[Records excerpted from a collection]
■ ■ ■ ■ ■

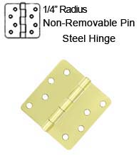 Residential Grade 0.085" thick, 4" x 4" x 1/4" Radius Corners, Non Removable Pin, available in 8 different finishes. Package includes a pair of hinges, matching steel flathead, Phillips screws. Non-removable (NRP) hinges are normally use on out-swing exterior doors for security. Utilizes zig-zag screw hole pattern for use with wood doors.
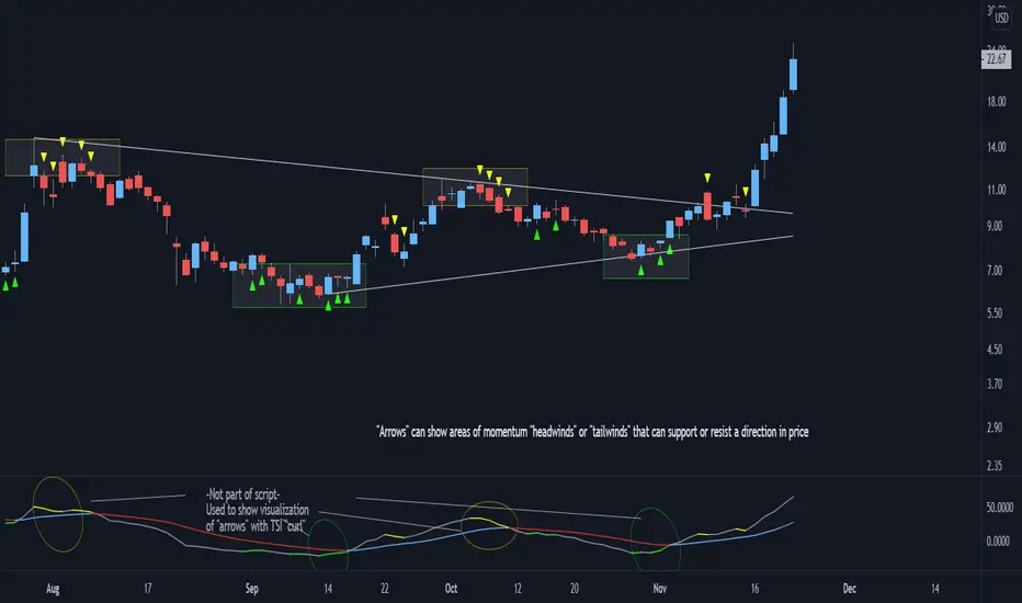 This script is intended to help the viewer identify potential turning points with momentum "headwinds" or "tailwinds" with a visual que at the bar level. The presence of arrows indicates that the TSI indicator is either "curling" up under the signal line, or "curling" down over the signal line. This can help to anticipate reversals, or moves in favor of trend direction.
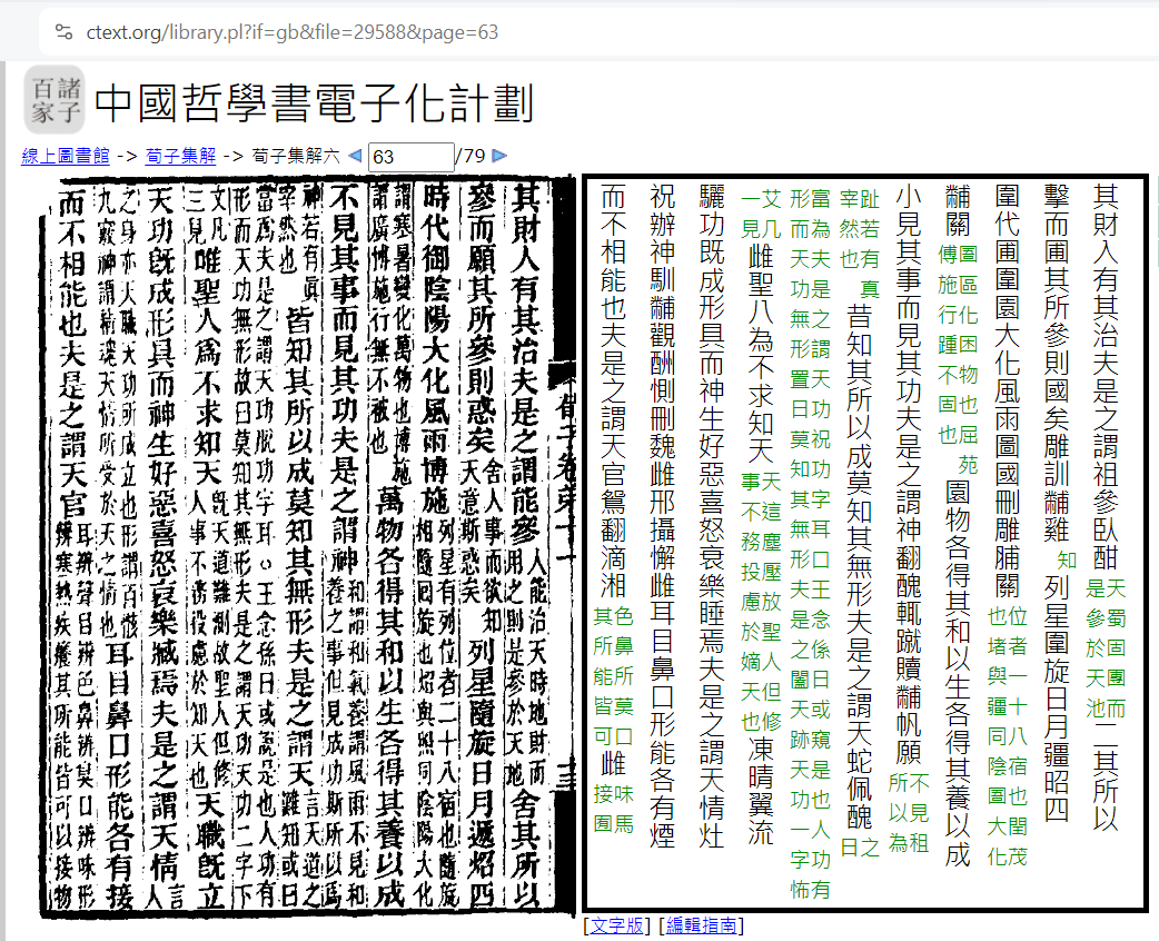 “夫是之谓能参"一句下,有"人能治天時地財而用之則是參於天地”,這個解釋看完,”參“字,就落地了,參天參地吧。這裡其實有三種可能:一是有註釋且能看明白,問題解決;二是有註釋但看不明白,問題存疑;三是無註釋所以繼續不明白。針對二,以本書為例,如果清代集解都沒有,基本就可以說沒有更權威資料了。有清人注疏,幫我們梳理了前代所有但我們依舊看不明白,高情商來看,這可以成為你日後的陣地;低情商看,你需要和第三種情況合併做別的事情,這個在下文。在學術史上,清人注疏之無敵就在於考鏡了源流,一般而言,重難點是都解說了的。如果不是本書,如果電子圖書館內給的不是清代集解,此處確實有進一步尋找清代集成式著作的空間,這個涉及古文獻的很多知識,姑且打住。針對三,沒有前人注疏,是個好消息,也是壞消息。好消息就是給了我們去注疏的可能性。但走到這裡,就已經不是先查前代注疏的問題而是我們要嘗試做注疏了,所以,也在下文專門討論。還記得以上只是兩種方式之一嗎?你當然忘了。這裡有兩個方式:其二,將你多不明白的字句,直接在校內登錄duxiu,根據結果,稍作閱讀,自然也就知道答案了。之所以可以這麼做,是因為duxiu本身有專業數據庫的質量保障。查完前人注疏正義集解,甚至一併duxiu過。懂了可以繼續深究,不懂,就需要找我討論了。活老師的價值,其實也就這麼一點了。先查前代注疏。後呢?無論有注疏而不接受或根本沒注疏,歸根結底,古文無非字詞句篇章節,在現代技術加持下,高中生已經有可能註釋任意一本古書了,只要,找到方法。課堂教大家用漢典,其實是一個化繁為簡的教法。引入漢典,其實真正看重的,還是其中徵引了說文解字。所以,這就引入我們課程後期的基本架構了:
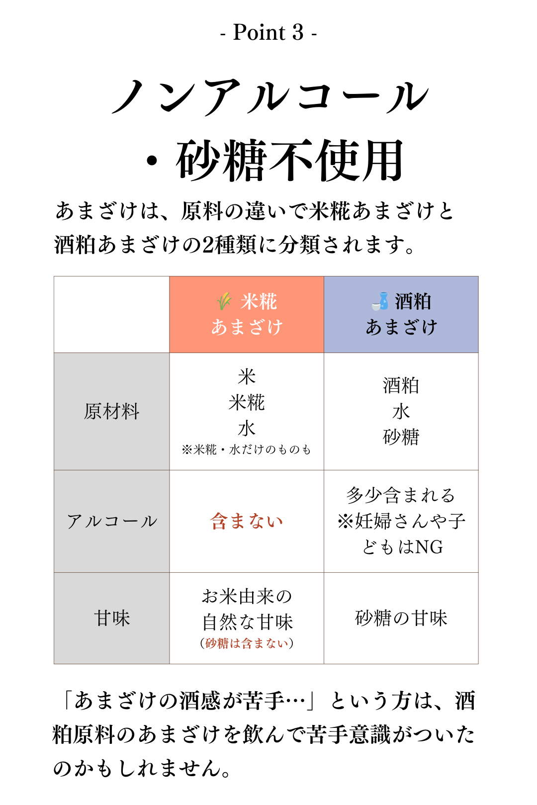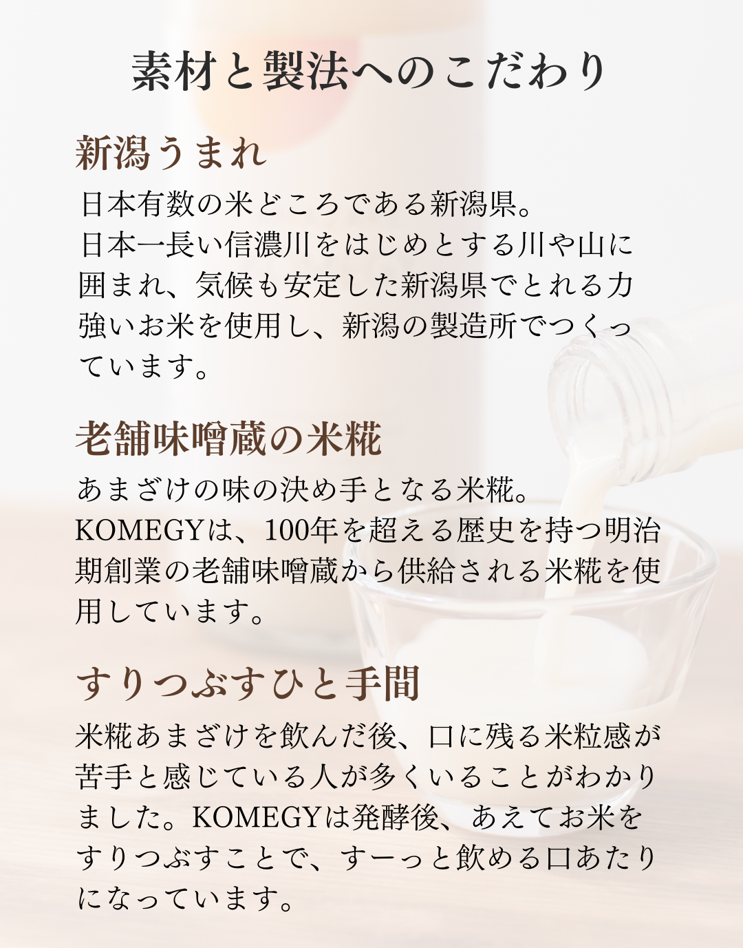 あまざけは苦手な方もいると思います。私自身苦手だと思う商品が沢山ありましたが、KOMEGYのあまざけはそんな方でもお米の自然な甘さや舌触りの良さに感動される方が沢山いると思っています。
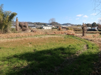現 状神領城は単曲輪の城で、現在曲輪部分は田んぼとなっている。城跡の西側を流れる海神川が天然の堀となり、西側から北側に向けて延びる窪地が堀切跡という。 また南側から東側に向けては切岸となっており、曲輪部分は周辺より独立した構造となっている。 |

■ ■ ■ ■ ■

Activity
Would you output the data exactly, without any of its images?

Answer box
 Residential Grade 0.085" thick, 4" x 4" x 1/4" Radius Corners, Non Removable Pin, available in 8 different finishes. Package includes a pair of hinges, matching steel flathead, Phillips screws. Non-removable (NRP) hinges are normally use on out-swing exterior doors for security. Utilizes zig-zag screw hole pattern for use with wood doors.
 This script is intended to help the viewer identify potential turning points with momentum "headwinds" or "tailwinds" with a visual que at the bar level. The presence of arrows indicates that the TSI indicator is either "curling" up under the signal line, or "curling" down over the signal line. This can help to anticipate reversals, or moves in favor of trend direction.
 “夫是之谓能参"一句下,有"人能治天時地財而用之則是參於天地”,這個解釋看完,”參“字,就落地了,參天參地吧。這裡其實有三種可能:一是有註釋且能看明白,問題解決;二是有註釋但看不明白,問題存疑;三是無註釋所以繼續不明白。針對二,以本書為例,如果清代集解都沒有,基本就可以說沒有更權威資料了。有清人注疏,幫我們梳理了前代所有但我們依舊看不明白,高情商來看,這可以成為你日後的陣地;低情商看,你需要和第三種情況合併做別的事情,這個在下文。在學術史上,清人注疏之無敵就在於考鏡了源流,一般而言,重難點是都解說了的。如果不是本書,如果電子圖書館內給的不是清代集解,此處確實有進一步尋找清代集成式著作的空間,這個涉及古文獻的很多知識,姑且打住。針對三,沒有前人注疏,是個好消息,也是壞消息。好消息就是給了我們去注疏的可能性。但走到這裡,就已經不是先查前代注疏的問題而是我們要嘗試做注疏了,所以,也在下文專門討論。還記得以上只是兩種方式之一嗎?你當然忘了。這裡有兩個方式:其二,將你多不明白的字句,直接在校內登錄duxiu,根據結果,稍作閱讀,自然也就知道答案了。之所以可以這麼做,是因為duxiu本身有專業數據庫的質量保障。查完前人注疏正義集解,甚至一併duxiu過。懂了可以繼續深究,不懂,就需要找我討論了。活老師的價值,其實也就這麼一點了。先查前代注疏。後呢?無論有注疏而不接受或根本沒注疏,歸根結底,古文無非字詞句篇章節,在現代技術加持下,高中生已經有可能註釋任意一本古書了,只要,找到方法。課堂教大家用漢典,其實是一個化繁為簡的教法。引入漢典,其實真正看重的,還是其中徵引了說文解字。所以,這就引入我們課程後期的基本架構了:
 あまざけは苦手な方もいると思います。私自身苦手だと思う商品が沢山ありましたが、KOMEGYのあまざけはそんな方でもお米の自然な甘さや舌触りの良さに感動される方が沢山いると思っています。
現 状神領城は単曲輪の城で、現在曲輪部分は田んぼとなっている。城跡の西側を流れる海神川が天然の堀となり、西側から北側に向けて延びる窪地が堀切跡という。 また南側から東側に向けては切岸となっており、曲輪部分は周辺より独立した構造となっている。 |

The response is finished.